Invariant 3 — Timeout is aligned across layers

Timeout order should be intentional:

client/CDN timeout >= NGINX timeout >= app timeout >= DB timeout

Not always exactly, but never accidental.

Invariant 4 — Retry cannot exceed idempotency boundary

Retries on non-idempotent writes can duplicate effects.

Invariant 5 — Disk paths are isolated and monitored

At minimum:

  • logs monitored,
  • cache monitored,
  • temp monitored,
  • inode monitored,
  • filesystem free monitored,
  • cache fill rate monitored.

Invariant 6 — Load test models real connection behavior

A load test with no TLS, no keepalive, no HTTP/2, no large body, no slow clients, and no upstream delay does not validate production behavior.

Invariant 7 — Tuning changes have rollback

Performance tuning is configuration change. It needs rollback like application code.


13. Minimal performance review template

# NGINX Performance Review

## Context
- service:
- date:
- traffic class:
- deployment substrate:
- NGINX version/build:

## Symptoms
- latency:
- throughput:
- error rate:
- CPU:
- memory:
- disk:
- network:
- upstream:

## Route breakdown
| route | RPS | p95 | p99 | status mix | cache | upstream group |
|---|---:|---:|---:|---|---|---|

## NGINX timing
| route | request_time p95 | upstream_connect p95 | upstream_response p95 | cache status |
|---|---:|---:|---:|---|

## OS evidence
- CPU:
- memory:
- disk:
- network:
- fd/socket:

## Hypothesis

## Experiment
- change:
- expected effect:
- rollback:

## Result

## Decision

14. Practical lab: locate the bottleneck

Create three route classes:

  1. Static small file.
  2. Static large file.
  3. Proxied delayed API.

Example NGINX:

log_format perf_json escape=json
  '{"ts":"$time_iso8601","route":"$route_label","status":$status,'
  '"request_time":$request_time,"upstream_response_time":"$upstream_response_time",'
  '"bytes_sent":$bytes_sent,"upstream_cache_status":"$upstream_cache_status"}';

map $uri $route_label {
    default unknown;
    /small.txt static_small;
    /large.bin static_large;
    /api/delay api_delay;
}

server {
    listen 8080;
    access_log /var/log/nginx/perf.json perf_json;

    location = /small.txt {
        root /srv/www;
    }

    location = /large.bin {
        root /srv/www;
    }

    location /api/ {
        proxy_pass http://127.0.0.1:9000;
        proxy_connect_timeout 1s;
        proxy_read_timeout 10s;
    }
}

Run scenarios:

# small file: CPU/request-rate pressure
wrk -t4 -c200 -d60s http://127.0.0.1:8080/small.txt

# large file: network/disk/page-cache pressure
wrk -t4 -c100 -d60s http://127.0.0.1:8080/large.bin

# delayed API: upstream latency/concurrency pressure
wrk -t4 -c200 -d60s http://127.0.0.1:8080/api/delay

Observe:

mpstat -P ALL 1
iostat -xz 1
ss -s
pidstat -u -d -p $(pidof nginx | tr ' ' ',') 1
tail -f /var/log/nginx/perf.json

Expected learning:

  • small static response stresses request rate and CPU/event loop more than bandwidth,
  • large file stresses egress and page cache/disk,
  • delayed upstream stresses concurrency and upstream time,
  • $request_time must be interpreted with $upstream_response_time.

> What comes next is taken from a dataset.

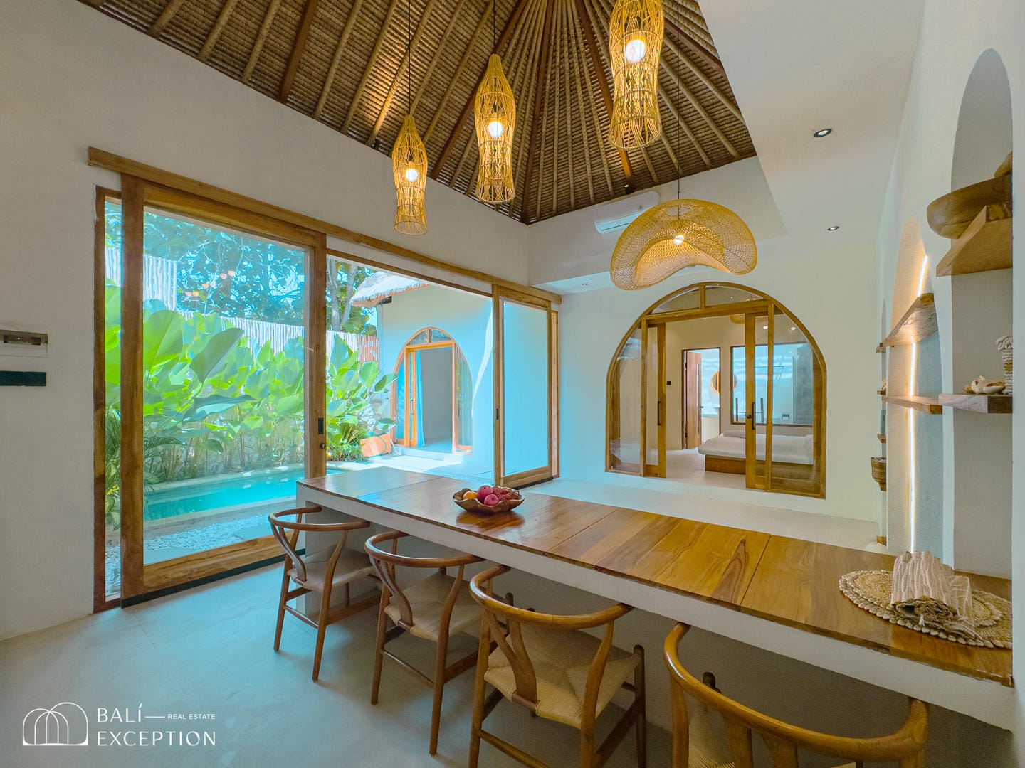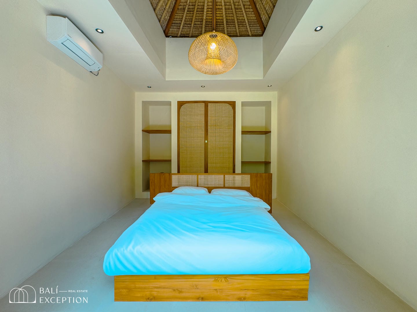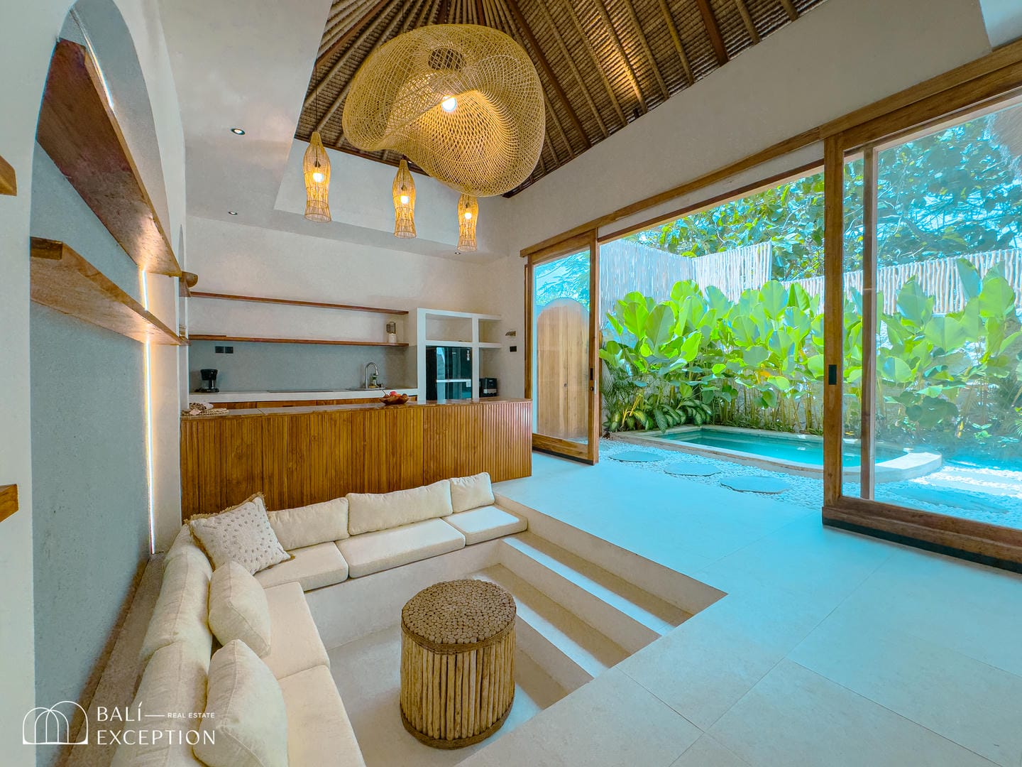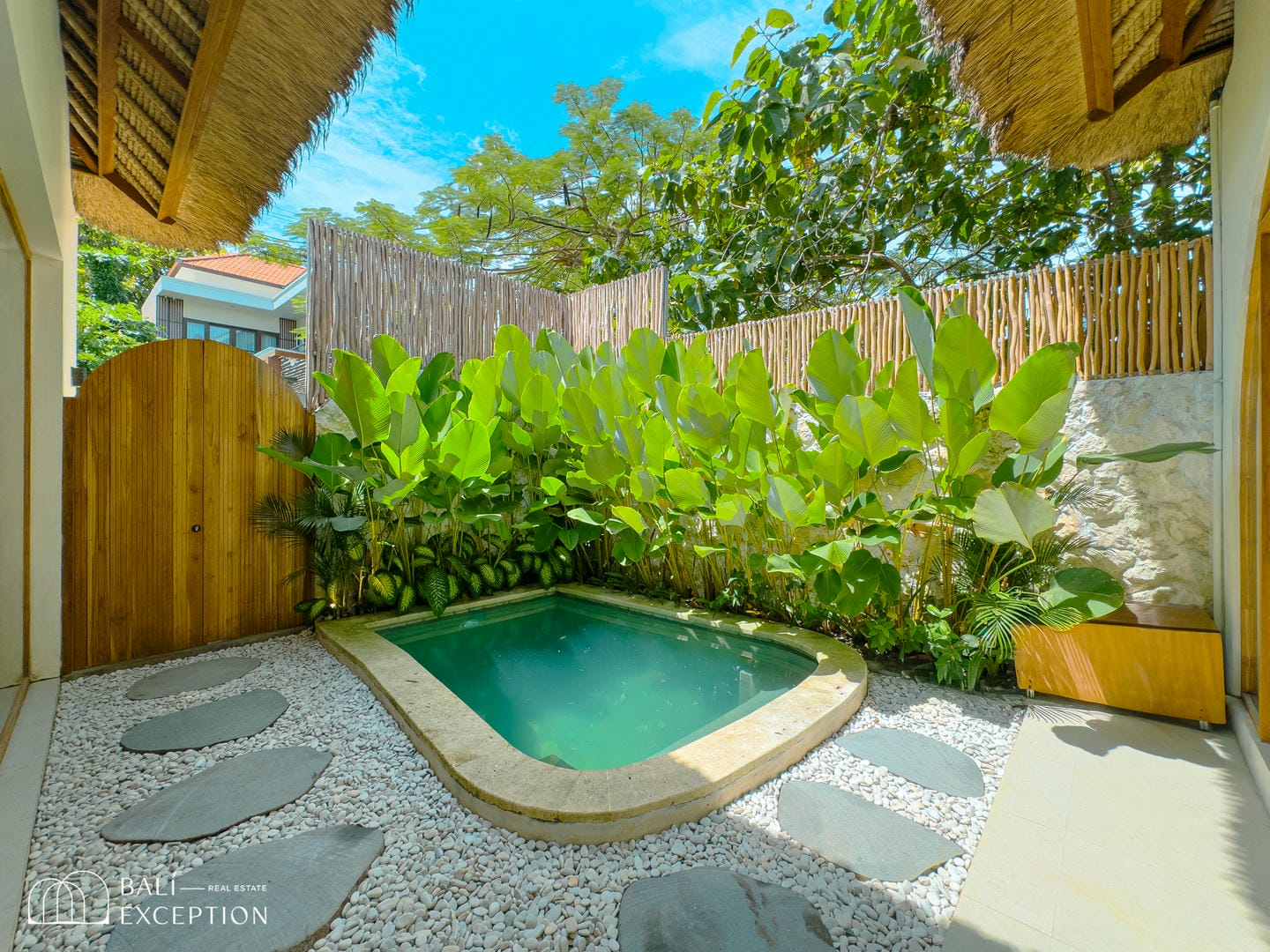It features two spacious bedrooms and two bathrooms, all fully furnished with high-quality materials for your convenience. The open living room, designed to embrace the natural light, seamlessly connects with a cozy garden, creating a relaxing and inviting atmosphere. Designed with a modern tropical aesthetic, this villa is perfect for a couple or a small family. The property exudes a serene and peaceful ambiance, making it an ideal retreat from the hustle and bustle of everyday life.

15. What “good performance” means

Good performance is not “maximum benchmark number”.

Good production performance means:

  1. p95/p99 fit product SLO.
  2. overload behavior is bounded and intentional.
  3. upstream is protected from slow clients and retry storms.
  4. disk/cache/log paths cannot silently kill the edge.
  5. resource limits are explicit and monitored.
  6. observability can identify bottleneck class quickly.
  7. tuning changes are reversible.
  8. benchmark scenario resembles production traffic.

Performance engineering is not about making NGINX impressive in a benchmark. It is about keeping the edge predictable when reality becomes messy.


References

  • NGINX Core Module: worker_processes, worker_rlimit_nofile, events, worker_connections, accept_mutex, and core runtime directives.
  • NGINX HTTP Core Module: sendfile, tcp_nopush, tcp_nodelay, keepalive_timeout, buffering-related directives, static serving behavior.
  • NGINX Proxy Module: proxy buffering, temporary files, upstream timeouts, retry behavior.
  • NGINX Upstream Module: upstream timing variables, keepalive, upstream state.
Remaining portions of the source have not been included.